# Zoo Med Power Sun, not very powerful?



## Tony Turbo (Oct 19, 2006)

I'm in the process of building my new viv and was going to use a Powersun bulb for light and heat. I ordered a 160w one, the biggest they do. While testing it, it's very bright alright but I'm not too sure if it will produce enough heat.

After being on for over 20 minutes you can put your hand on the bottom of the gaurd which is 3 inches away from the bulb and you can keep it there. It is warm, but in no way would I say it was hot enough to get around 100°f for my Iggy.


Are they all like this? Also I have heard that you can't put them on a stat, is that true?


At this rate I'm seriously thinking about going back to using tubes and a ceramic.


----------



## paulskin (Jul 5, 2007)

seen ya reply on mine......

yeah also has to be a minimum of 12inches (or is it 18inches?) basking distance.i have been told this will create a warm enough basking spot for my cham but will the ambient temp be right? i was told if not,supplement the heat with a ceramic,but if i do that i might as well just get a tube and a basking bulb,but i really want an mvb because they are highly recommended


----------



## Tony Turbo (Oct 19, 2006)

You sound like you are in the same boat as me. Apparently they throw UV as far as 6ft, which would be ideal in my 7ft high viv but not if they can't make the temp high enough directly underneath it.

I was going to have a tubular heater 3/4 of the way down on all the time set to around 75°f for night time/ background heat and use the MVB/ MVBs on in the day for light and heat.

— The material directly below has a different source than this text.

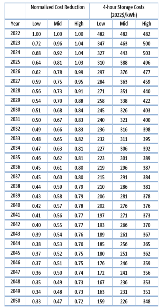 2025年、2030年和2050年之間的點(diǎn)是根據(jù)給定值的年份之間的線性值設(shè)置的。為了將這些標(biāo)準(zhǔn)化的低、中、高預(yù)測(cè)轉(zhuǎn)換為成本值,將電池儲(chǔ)能系統(tǒng)的標(biāo)準(zhǔn)化成本值乘以4小時(shí),得出4小時(shí)電池儲(chǔ)能系統(tǒng)的儲(chǔ)能容量成本。
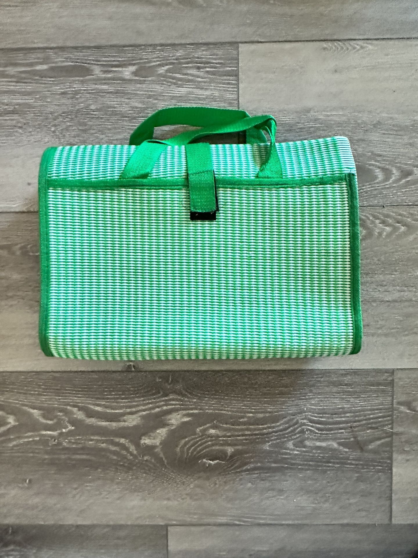 The Handy Mat is perfect to take with you wherever you go. Includes built-in handles and convenient pockets on both sides. Folds out to 60"x78" and folds to a compact 10.5"x15". Perfect for picnics, beaches, RVing, and outings. Durable polypropylene. Features & details Built-in handles for easy transport Convenient pockets on both sides Durable, weather resistant material Folds out to 60 x 78 inches and folds to a compact 10.5 x 15 inches for easy storage Can be easily cleaned with soap and water

I just don't know what to do now....


----------



## Tony Turbo (Oct 19, 2006)

POWER SUN Spec said:


> The PowerSun UV™ is a high intensity source of UVB, UVA, heat and visible light. Because the PowerSun UV is a self-ballasted bulb it can be used in any ceramic socket that is rated to handle the wattage. The PowerSun UV has nickel-plated threads to ensure that it will not corrode in humid reptile habitats. These lamps project useable UVB radiation greater distances (up to 6 feet) than conventional fluorescent tubes. This makes them ideal for large enclosures and reptiles with high UV demands. The PowerSun UV has all of the benefits of our award winning ReptiSun bulbs with the added benefit of increased intensity, heat and a one year guarantee.


 

Apparently.......


----------



## paulskin (Jul 5, 2007)

yeah iv been in the boat since starting to build,asking constant questions, think il risk going for a mega ray or a uv sun lux and see how it goes


----------



## Tony Turbo (Oct 19, 2006)

Now I'm thinking about getting a Mega Ray too, even though this Power Sun is pants....

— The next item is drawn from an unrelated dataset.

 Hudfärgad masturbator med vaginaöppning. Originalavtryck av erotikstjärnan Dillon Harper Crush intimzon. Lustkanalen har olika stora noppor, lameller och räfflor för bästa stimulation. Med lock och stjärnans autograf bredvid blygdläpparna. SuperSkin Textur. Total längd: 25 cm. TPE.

Not as straight forward as I would have hoped.


----------



## Graham (Jan 27, 2007)

I don't use Powersuns but IIRC they are floods? That might account for your's not producing very much heat, it sounds like you need a MVB _spot_ which produces a much more concentrated beam.

I use a T-Rex/MegaRay which is a narrow flood, sort of halfway between a flood and a spot and it produces a 32°C (90°F) basking spot at about 15".

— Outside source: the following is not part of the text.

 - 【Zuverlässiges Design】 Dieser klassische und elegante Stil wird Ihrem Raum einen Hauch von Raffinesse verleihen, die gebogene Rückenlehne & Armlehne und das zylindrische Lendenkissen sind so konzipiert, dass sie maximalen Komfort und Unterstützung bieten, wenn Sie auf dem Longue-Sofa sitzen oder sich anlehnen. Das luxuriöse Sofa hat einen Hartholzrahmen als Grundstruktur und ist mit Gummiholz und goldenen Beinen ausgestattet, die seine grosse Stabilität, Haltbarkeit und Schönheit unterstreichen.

I don't know if it's still available but you used to be able to get a T-Rex Spot, which has a highly concentrated beam and produces a lot more heat over a greater distance.


----------



## Tony Turbo (Oct 19, 2006)

Thanks Graham, do you know what wattage your Mega Ray is? It will help me choose a wattage.


I have decided to use a Mega Ray and my Powersun. Mega Ray on one side for decent heat and light, and the Powersun for a bit of back ground heat and light as I'll need 2 lights to light my viv, so that could work out well.


----------



## Graham (Jan 27, 2007)

Mine's a 100W which is ideal for my purposes.


----------



## Tony Turbo (Oct 19, 2006)

Thank you Graham, that is very helpful


----------